The Academy Awards don't have a category for "Best Celebration of Human Dignity and the Wonder of Life." If it did, the new documentary "Shorty" would win running away.
"Shorty" brings us the life of Walter "Shorty" Simms, a 56-year-old with Down syndrome who is a fixture at Hampden-Sydney College in Virginia. Simms has been the all-around Mr. Fix It -- gathering towels, painting, whatever -- for the football team for 28 years, and is the team's most passionate fan. His full life is a testament to his spirit, his family and his Hampden-Sydney community.
Simms is a great enthusiast.

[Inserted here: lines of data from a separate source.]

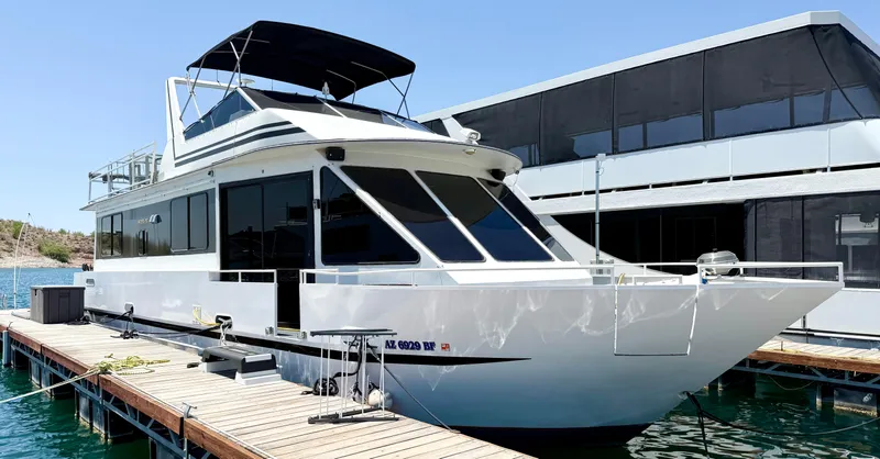 ON THE DOCKS AND READY TO BE BOARDED. THIS VESSEL IS NOT YOUR TYPICAL HOUSEBOAT. SHE HAS SEVERAL FEET OF FREEBOARD AND HER DECKS ARE WELL ABOVE THE WATERLINE. THAT IS WHAT MAKES HER AN INTERCOASTAL MOTORYACHT THAT WAS SKIPPERLINER BUILT! THEY BUILT THEIR VESSELS LIKE BATTLESHIPS AND ALWAYS HAD A GREAT GRADE ON QUALITY. THIS VESSEL HOSTS TWO STATEROOMS WITH EACH EQUIPPED WITH THEIR OWN HEAD. THE MASTER HAS A JACK AND JILL TO SHARE WITH THE SALON AND GALLEY. A NEW CALIFORNIA KING IN MASTER AND ENTERTAINMENT IN THE SALON. SHE IS A PREFECT PACKAGE FOR THOSE LOOKING FOR A GREAT SPACE THAT ISN'T TO BIG TO DOCK ON YOUR OWN OR TO DEEP IN YOUR POCKETS TO OWN. SHE IS MOORED IN A 60' slip AT SCORPION BAY ON LAKE PLEASANT.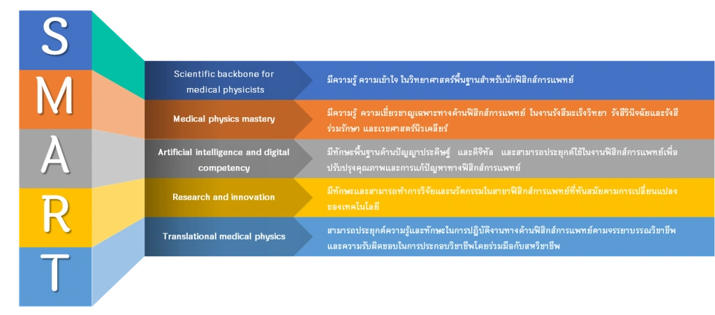 มุ่งผลิตบุคลากรด้านฟิสิกส์การแพทย์ที่มีความเชี่ยวชาญและจรรยาบรรณวิชาชีพที่ยอมรับในระดับสากล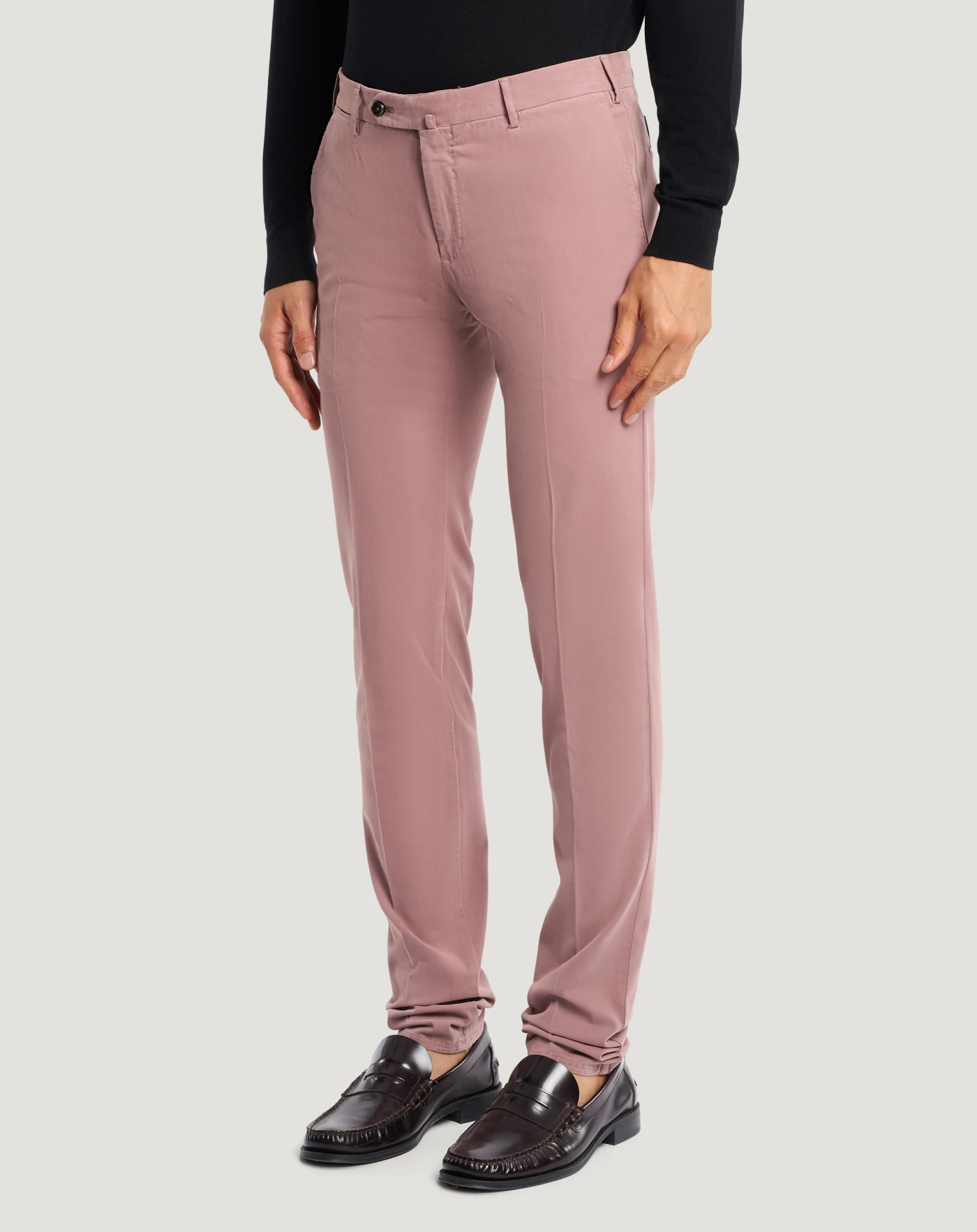 Trousers in stretch gabardine with a soft, enveloping feel. The smooth, compact surface is combined with light elasticity to offer comfort without sacrificing structure. The garment is delivered unstitched, so that it can be finished to suit your length and style through simple tailoring. With a super slim, simple fit and pressed crease, they are perfect for contemporary elegance.

He is given to pumping his fist, "wonderful" is one of his favorite words, and he could out-hug Bill Clinton any day. You will laugh, cry and marvel watching him go about his daily business. But if you are aware of the fate of most babies with Down syndrome, you can't watch this movie -- to be released Oct. 18 -- without a sense of sadness.
We say we are a "compassionate" society, and we make a quasi-religion of celebrating difference. Yet these different children, who make a special call on our resources of love, are systematically eliminated in the womb. Estimates are that 80 percent to 90 percent of parents who learn from prenatal tests that the child might have Down syndrome end the pregnancy. One pediatrician calls it "a cultural norm" to end such pregnancies. Shame on us.
It is hard to blame the parents. Abortion in such cases is a decision born of fear, heartbreak and a misbegotten sense of compassion. But "Shorty" will help potential parents understand what a tragic choice termination is -- what it denies the child, the world and themselves.
There is no denying the difficulties to be faced by children with Down syndrome and by their parents. The children will suffer mild to moderate mental retardation and have trouble speaking. More than half of babies with Down syndrome have a congenital heart condition. They are at higher risk for hypothyroidism and Alzheimer's disease.
But the future of such children can be looked at in a different way: Children with Down syndrome have an increased "risk" to have an uncommonly sweet disposition and an irrepressible sense of humor. They are an imminent "danger" to prompt those around them to understand the meaning of love and life more deeply.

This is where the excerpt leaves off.